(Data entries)
*** Block opens ***
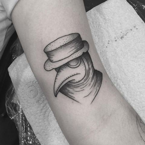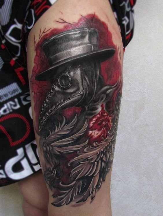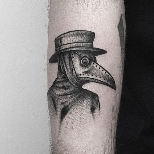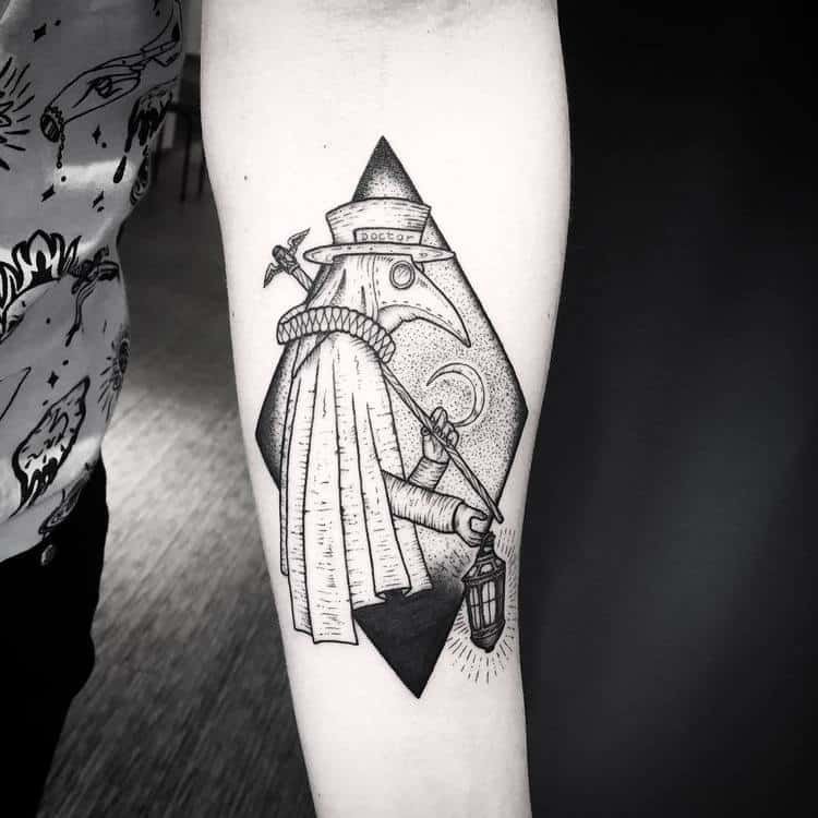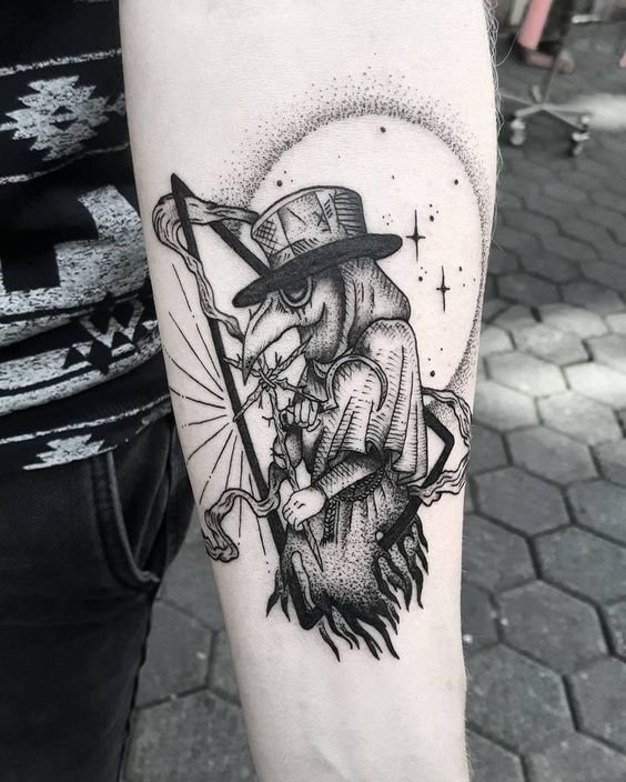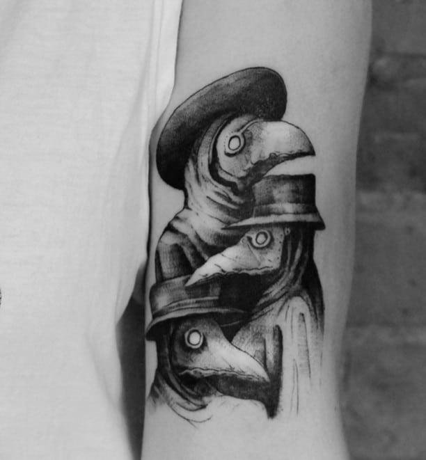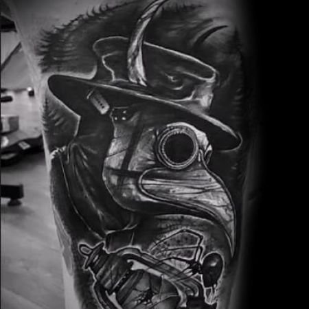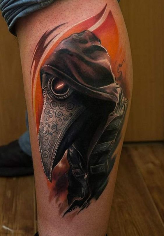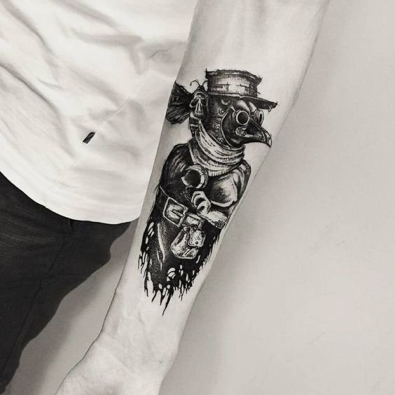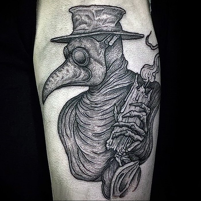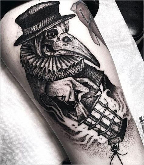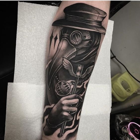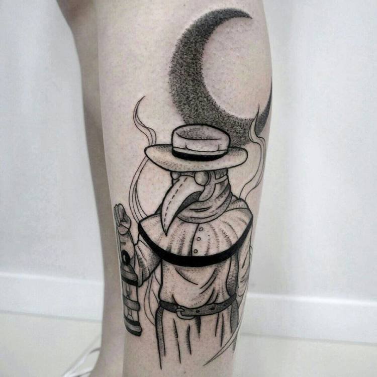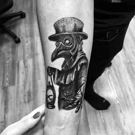 Der Pestarzt ist allen wegen seines ungewöhnlichen Kostüms bekannt, dass die Ärzte des Mittelalters vor der gefürchteten Beulenpest schützte. Während des Mittelalters hat die Pest eine große Anzahl von Menschenleben zerstört. Und so ungewöhnlich, mystische Kostüm Ärzte, war für sie die einzige Rettung vor dem Tod. Der Pestdoktor ist in der Tattoo-Branche gerade wegen seines seltsamen Kostüms so beliebt, das die Leute erschreckt.
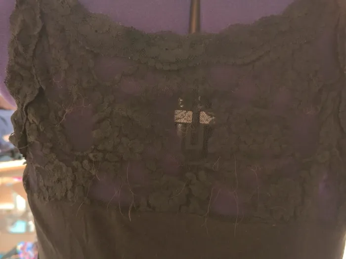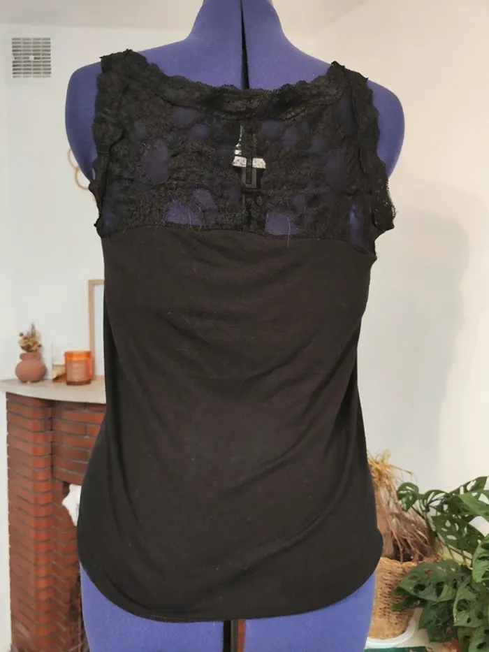 T-shirt sans manches noir M/L, Bréal. M porté ample, L porté plus moulant. D'occasion, quelques coutures défaites (voir photo) Matière : Coton.
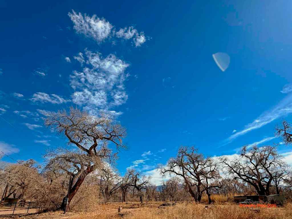 The mid morning sky is intriguing, and not just because of the “UFO.” The clouds appear uncommon, at least for here. Even with the blue sky and brown landscape, the entire image makes me feel I am looking at a place I have not been to yet. 🙂
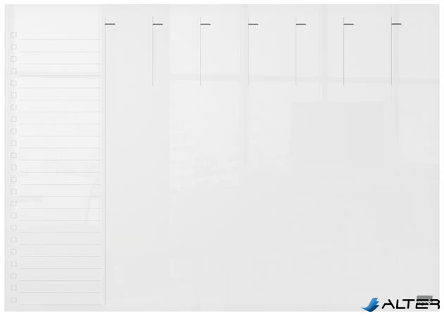 Ez az otthoni irodai, heti tervezőtábla a modern, keret nélküli kialakításnak és heti beosztású rácsozásnak köszönhetően ideális jegyzeteléshez, gondolatok, ötletek, fontos dátumok feljegyzéséhez. A ragasztópárnák és mágnesek segítségével fém felületekhez rögzítve falitáblaként, vagy asztalra és egyéb munkafelületre fektetve asztali fehértáblaként is használható. Az átlátszó kialakításnak köszönhetően az emlékeztető tábla használaton kívül észrevetlenül beleolvad a környezetébe. Szárazon törölhető felülete könnyen tisztán tartható, egyszerűen írjon rá, törölje le és kezdheti elölről. Tartozék: 1db táblatoll. Méret: A3.
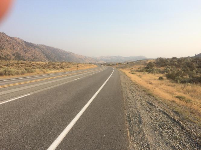 Tedious riding on highway 97 headed north – a headwind and fast traffic
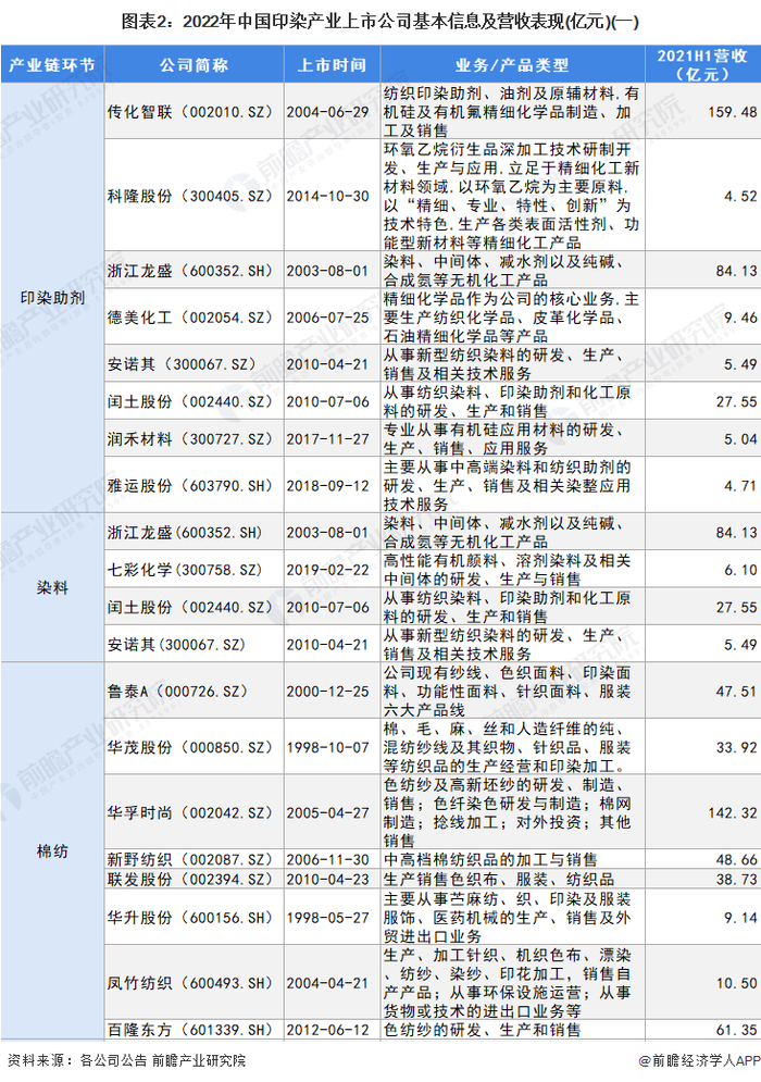 1、印染产业上市公司汇总
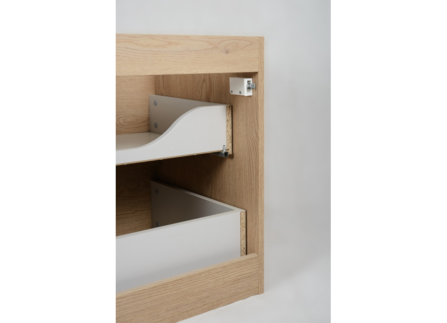 Praktické riešenie ponúkajú dve priestranné zásuvky s kvalitným výsuvom na guľôčkových ložiskách. Systém tichého dovierania SOFT CLOSE zaručí, že sa zásuvky vždy zatvoria jemne a nehlučne. Horná zásuvka je špeciálne upravená pre plochý sifón, čím získate výrazne viac úložného priestoru oproti bežným skrinkám.
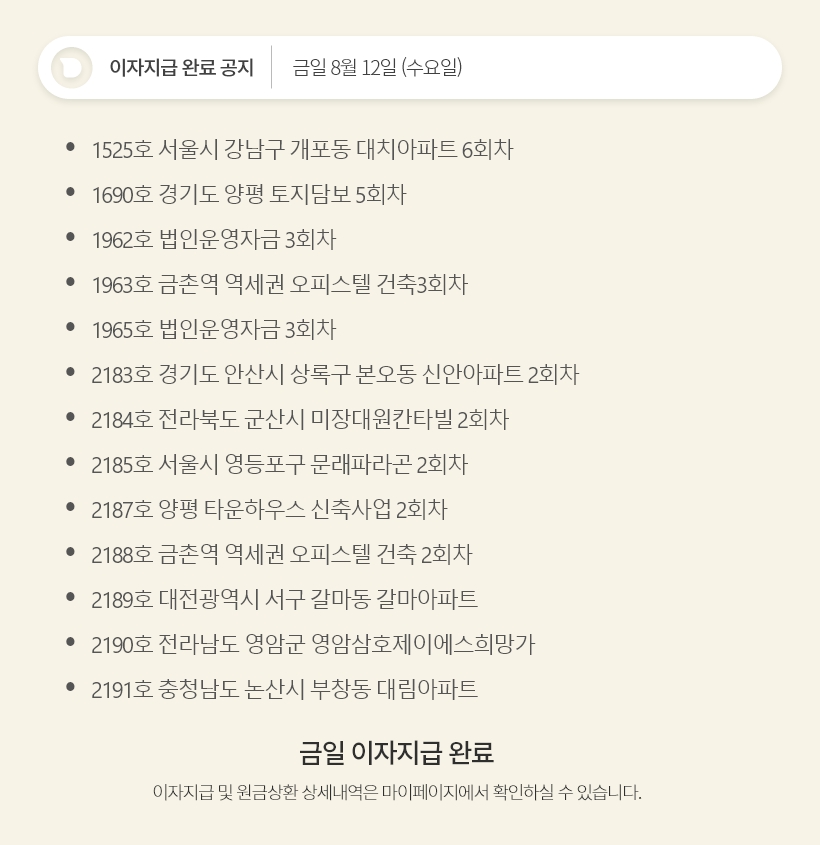 데일리 8월 12일 이자지급 완료 공지
*** Block closes ***
Task prompt — The whole of the data above needs retyping exactly, with pictures omitted.

Solution for this task —
 Der Pestarzt ist allen wegen seines ungewöhnlichen Kostüms bekannt, dass die Ärzte des Mittelalters vor der gefürchteten Beulenpest schützte. Während des Mittelalters hat die Pest eine große Anzahl von Menschenleben zerstört. Und so ungewöhnlich, mystische Kostüm Ärzte, war für sie die einzige Rettung vor dem Tod. Der Pestdoktor ist in der Tattoo-Branche gerade wegen seines seltsamen Kostüms so beliebt, das die Leute erschreckt.
 T-shirt sans manches noir M/L, Bréal. M porté ample, L porté plus moulant. D'occasion, quelques coutures défaites (voir photo) Matière : Coton.
 The mid morning sky is intriguing, and not just because of the “UFO.” The clouds appear uncommon, at least for here. Even with the blue sky and brown landscape, the entire image makes me feel I am looking at a place I have not been to yet. 🙂
 Ez az otthoni irodai, heti tervezőtábla a modern, keret nélküli kialakításnak és heti beosztású rácsozásnak köszönhetően ideális jegyzeteléshez, gondolatok, ötletek, fontos dátumok feljegyzéséhez. A ragasztópárnák és mágnesek segítségével fém felületekhez rögzítve falitáblaként, vagy asztalra és egyéb munkafelületre fektetve asztali fehértáblaként is használható. Az átlátszó kialakításnak köszönhetően az emlékeztető tábla használaton kívül észrevetlenül beleolvad a környezetébe. Szárazon törölhető felülete könnyen tisztán tartható, egyszerűen írjon rá, törölje le és kezdheti elölről. Tartozék: 1db táblatoll. Méret: A3.
 Tedious riding on highway 97 headed north – a headwind and fast traffic
 1、印染产业上市公司汇总
 Praktické riešenie ponúkajú dve priestranné zásuvky s kvalitným výsuvom na guľôčkových ložiskách. Systém tichého dovierania SOFT CLOSE zaručí, že sa zásuvky vždy zatvoria jemne a nehlučne. Horná zásuvka je špeciálne upravená pre plochý sifón, čím získate výrazne viac úložného priestoru oproti bežným skrinkám.
 데일리 8월 12일 이자지급 완료 공지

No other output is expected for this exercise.